The end of the Patrick Bateman era
The US is witnessing a return to values of personal commitment and responsibility, after decades of rampant free-market ideology.
By Andrew Crook on Tuesday, January 27th, 2009 - 745 words.
In the 2005 “dramatic documentary” The American Ruling Class, big oil heir turned Harper’s editor turned armchair socialist Lewis Lapham narrates the career choices confronting a group of shiny young Yale graduates. With their future at the crossroads, Lapham asks, will the nation’s brightest pursue private riches or commit to a pious life of public service?
Lapham, playing himself, leads his empty vessels through the streets of Manhattan, counterposing up-scale parties with wait staff slaving for tips. It’s a savvy piece of emotional manipulation designed to guilt the young rich into acknowledging the class structure that, above all else, got them to where they are. In one party scene, the hubris is intoxicating as a tipsy Ivy League cohort prepares, like their parents, to ascend to the heights of commerce, industry and influence.
Of course, this constructed ‘choice’ transcends the personal, reading as an obvious allegory for the nation as a whole. If the American working class has nothing to lose but their chains, Lapham clearly hopes a new generation will hand them the bolt cutters — a naive appeal to altruism perhaps, but one that continues to resonate as the economy tanks. Lapham’s choice is now more pressing, in that conditions have got much worse, and much easier in that elite opinion is again extolling the virtues of public service, always a potent (if submerged) strain of America’s DNA.

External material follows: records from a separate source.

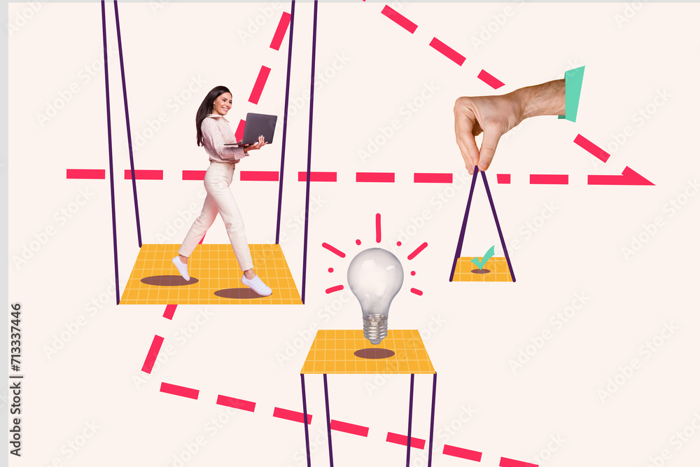 Horizontal surreal photo collage with busy businesswoman work online hold laptop walk on platforms checkmark done lightbulb idea solution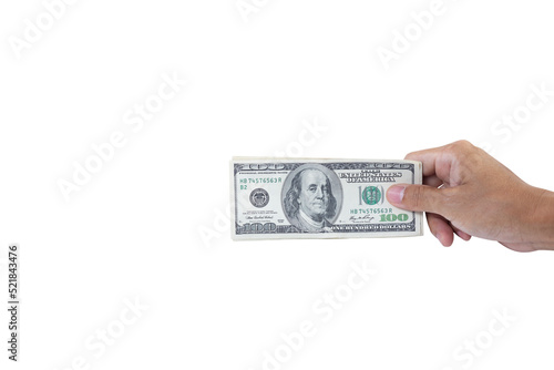 Man hand holding 100 US dollar banknote isolated on white background. Business and financial concept.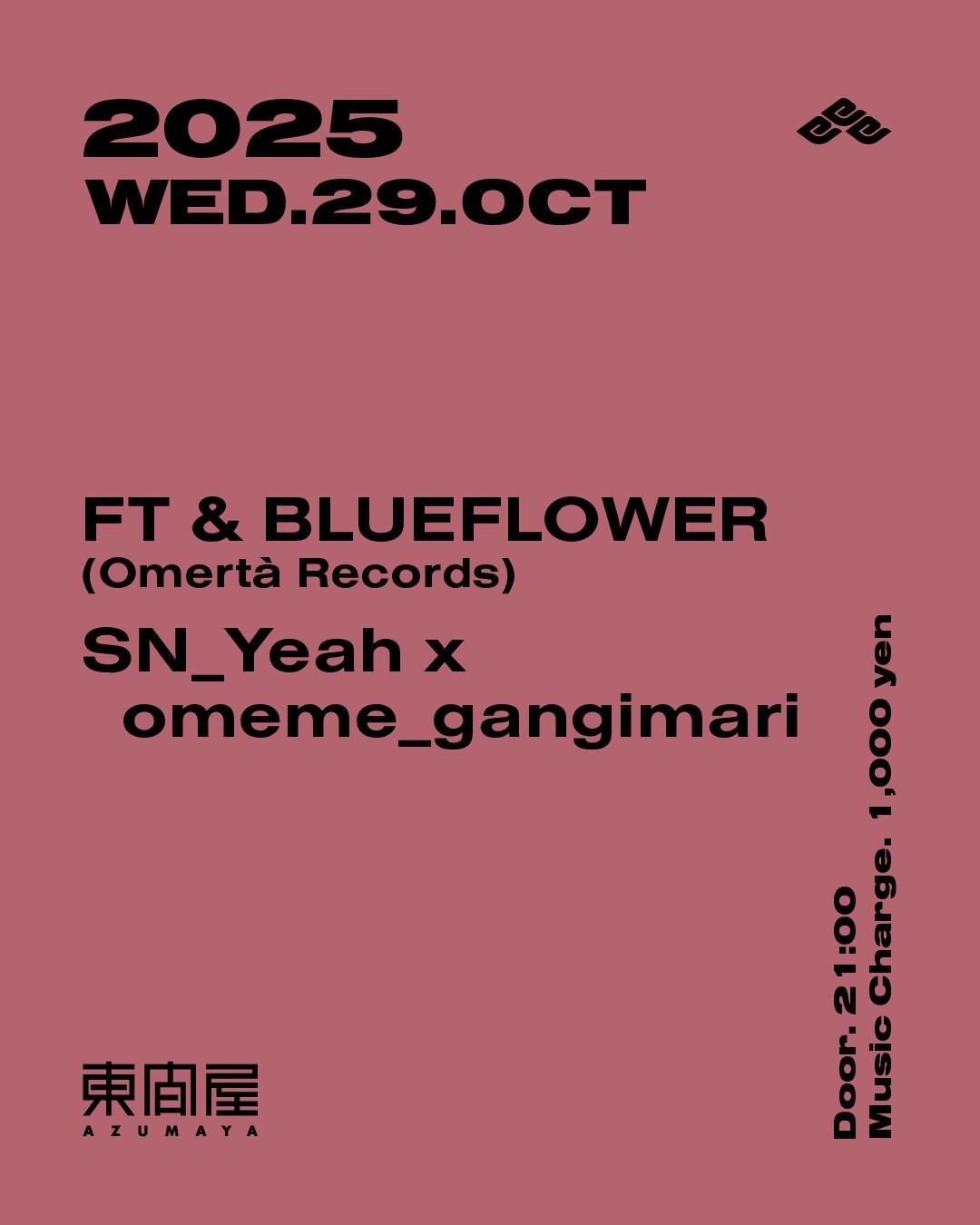 2025.10 29 OCT Azumaya -Wednesday- BASS MUSIC 0 Shares Facebook Twitter google Line DATE: 2025-10-29 WED OPEN: 21:00 VENUE: PRICE: Music Charge 1,000yen LINE UP: FT & BLUEFLOWER (Omertà Records) SN_Yeah × omeme_gangimari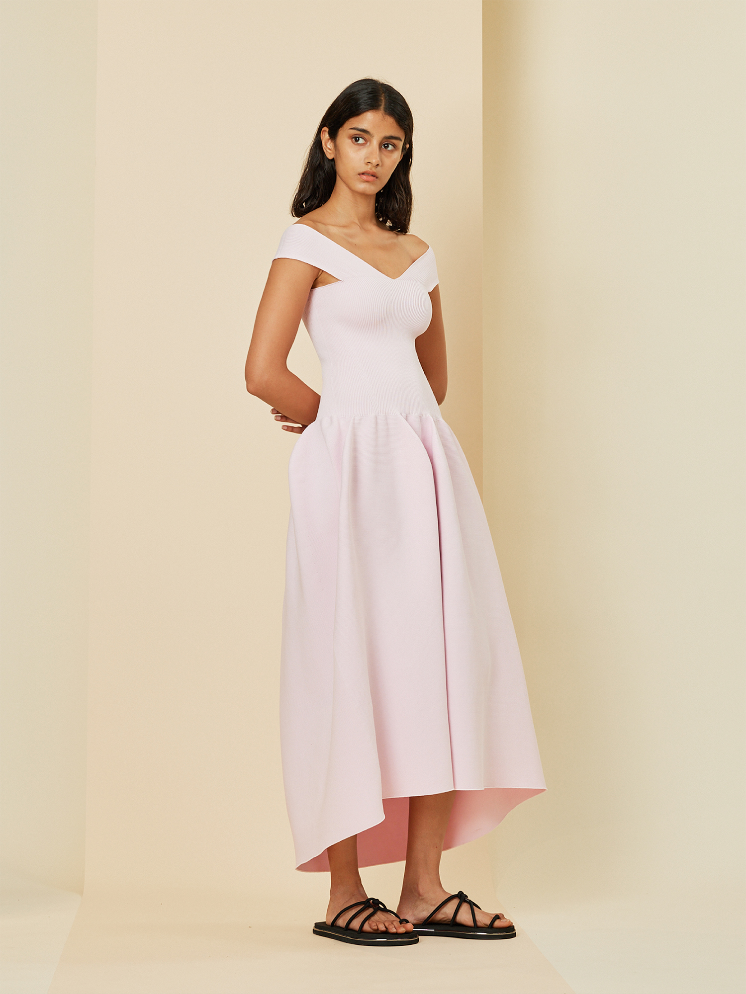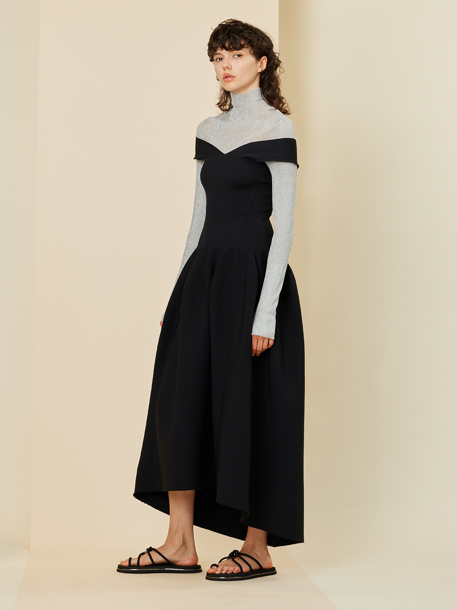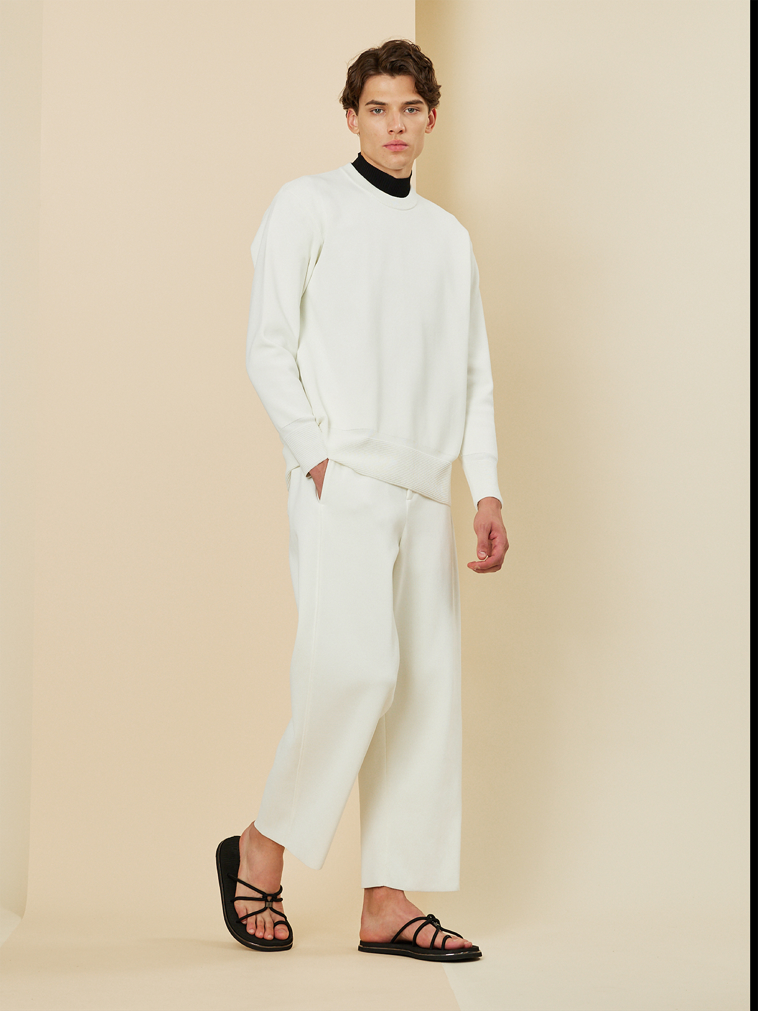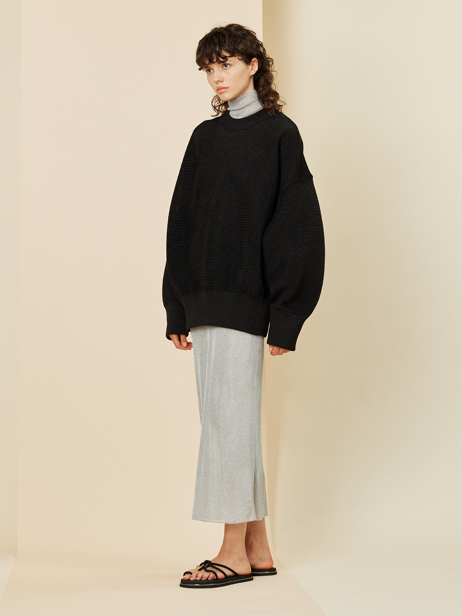 コンピューター制御により生み出されるCFCLのアイテムも、人々が袖を通すことによって初めて衣服として完成します。全自動の機械も、プログラミングも、プラスチック廃棄物から生まれる化学繊維も人の手によって生み出された集積です。地球の持つ柔らかな色彩と、ここではない世界を感じさせるきらめきを放つマテリアル。そして、人々がみる新しい夢と手仕事の重なりが混在した、次なる場所の予感をはらむ衣服をknit-wareとして提示します。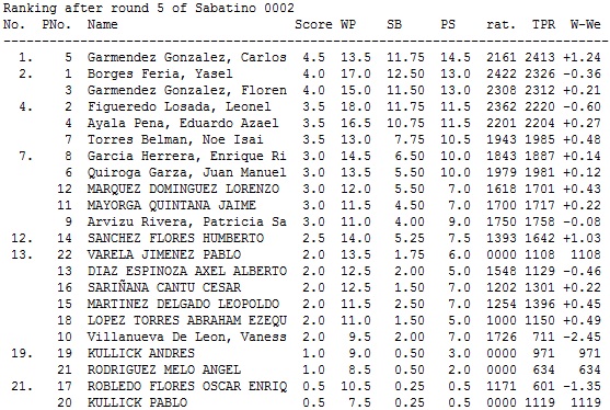 Y a pesar de que los líderes marcaron diferencia desde la ronda 3, para la ronda final se destacaba de líder el MF Carlos Garmendez, único jugador con 4/4 y el pareo lo enfrentaba al MF Leonel Figueredo si Carlos ganaba o entablaba quedaría campeón del 2do Sabatino si perdía, la primera posición la decidirían los desempates.

Two recent events have confused Lapham’s dichotomy — namely, the collapse of the Wall St investment banks that once promised grads an inside track to power and influence (in the doco, Jack must choose between the now-flailing Goldman Sachs and NGO work) and the election of the Obama Administration. But perhaps the more important wildcard is the ‘West Wing effect’ where Jeb Bartlett’s passion for public policy collides with the burgeoning mythology around President Obama’s inner circle.
Consider the media frenzy over the past week surrounding the inauguration speech allegedly penned by 27-year old staffer John Favreau, the pain felt by Facebook-addicted staffers held hostage by outdated email-free PCs and the plight of press secretaries confronted by electronic doors — the touchy-feely anecdotes could fill a whole Blackberry. Which of Lapham’s formerly Goldman-bound Yalies could now resist taking the social policy reigns under a svelte 47-year old with a penchant for pickup games of two-on-two?
Add this to calls for a ‘new Keynesianism‘, big government and demands for massive tax hikes and a seachange seems unavoidable. Four years after Lapham’s intervention, the US is witnessing a wholesale rejection of the Patrick Bateman era, demanding personal commitments more in tune with the darkening reality of everyday life. For a nation on its knees, self sacrifice has again become sexy.
But perhaps a more difficult question is whether this new public-spiritedness is pointed in the right direction. The levers of government may be so corroded, and the policy making options of earlier eras so passé as to render the renewed enthusiasm null and void.
For a period in the late 90s and early 00s, progressive forces were searching for new modes of public engagement in the tacit recognition that national governments were no longer able to provide the kind of policy guidance beloved by post-WWII welfare states. In the best examples, domestic social movements crafted global networks that went beyond defensive postures towards what Alain Touraine calls “conflictive participation in the global economy”. Those networks have now become clogged as domestic ’solutions’ again become fashionable.
What remains of welfarism after its trashing under Bush is still tilted away from the genuinely excluded (think The Wire) towards an illusory middle class receding irretrievably from view. US labor unions are mostly a defensive bulwark against the vagaries of global competition and not an assertive force for social change. Obama’s multi-billion dollar car industry bailout will benefit, first and foremost, Hillary’s white workers and not the forgotten of Detroit’s slums. The multitude of stimulus and bailout packages are an attempt to revive a failed settlement between capital and labor that passed its used-by-date decades ago.
The alternative for the legions of Obama fans is to take a good look at the fluidity that has re-made American society and fashion a conflictive social movement that engages directly with issues of cultural diversity and economic fragmentation. For their part, policy wonks should be looking less at off-the-shelf responses and instead at regulations that protect and extend cultural and economic autonomy — the contours of which will inevitably emerge, with or without the input of a new band of Ivy League do-gooders.